The school faced some initial controversy when it announced its preferred campus location in Downtown Sudbury, which would displace the city's existing farmer's market. Both the city and the school have proposed alternate locations such as the local watering hole Peddlers Pub to resolve the relocation as the school will occupy the former Market Square, including the CP Telegraph Building (1914) for faculty offices and the CP Rail Shed (circa 1905) as its design studio and classroom for the first two years. The city voted on November 9, 2011, to accept the school's request to purchase the site, and struck an advisory panel to make recommendations on the relocation and development of the farmer's market. The panel ultimately decided to relocate the farmer's market to the Sudbury railway station. In a new chapter in Sudbury's history marking downtown revitalization, the School of Architecture site incorporated, rather than demolishing, the former market building as well as the neighbouring CP Telegraph Building, which has a heritage designation and which housed offices and a restaurant.
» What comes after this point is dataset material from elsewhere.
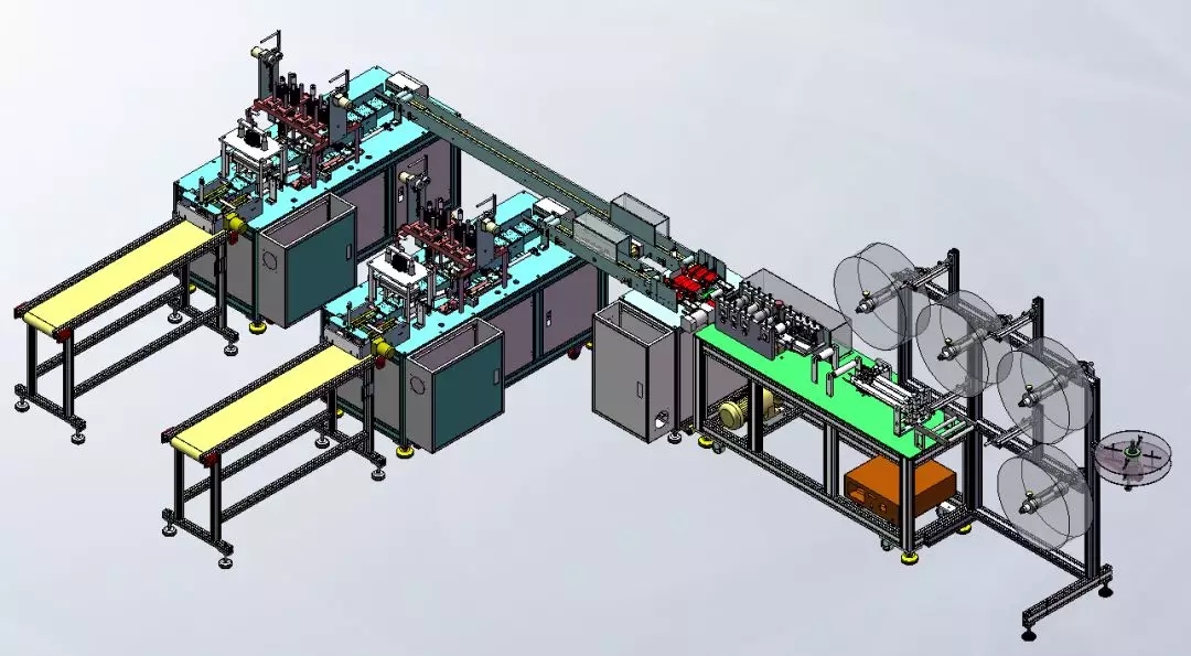 本機(jī)主要用于平面式口罩自動(dòng)成型:整卷布料放卷后經(jīng)過(guò)滾輪驅(qū)動(dòng),布料通過(guò)自動(dòng)折邊、包邊;鼻梁條整卷牽引開卷,定長(zhǎng)裁切后導(dǎo)入至包邊布料中,雙邊通過(guò)超聲焊接至封口,再經(jīng)過(guò)超聲側(cè)向封口,通過(guò)切刀裁切成型、流水線將口罩輸送至兩個(gè)口罩耳帶熔接工位、超聲焊接最終口罩成型;當(dāng)口罩制成后,通過(guò)流水線輸送至平帶線收集。

In a presentation to Greater Sudbury City Council in April 2012, Galvin announced that the site plan design by LGA Architectural Partners would involve four distinct buildings — the two existing buildings and two new structures, arranged around a central courtyard, with above-ground walkways connecting the buildings to allow pedestrian and bicycle traffic through the site. The landscape plan and the building performance matrix are aimed at referencing the boreal forest while addressing ecology and the impact of climate change in architecture.
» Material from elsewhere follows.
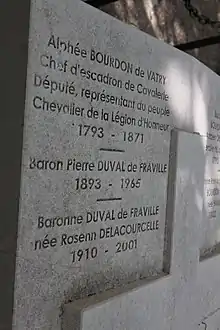 Alphée Bourdon de Vatry, resté sans enfants, meurt le 25 juillet 1871 à l'abbaye de Chaalis, à l'âge de 77 ans. Il est inhumé à Paris au cimetière du Père-Lachaise (division 26) dans la sépulture familiale des Bourdon de Vatry. Son épouse, née Paméla Haingerlot, lui survit dix ans. Elle est inhumée en 1881 à ses côtés.

The $27 million project included adaptive reuse of the existing buildings and a new building. An entire wing of the new building is constructed in cross-laminated timber (CLT), the first building of its kind in Ontario.

The campus also houses the studios of CKLU-FM, Laurentian University's campus radio station.

==Curriculum==
The curriculum emphasizes architectural and manufacturing techniques with a focus on  traditional and evolving aspects of northern life, including indigenous culture, wooden construction, ecology and local resources as well as adaptive design to the impacts of climate change.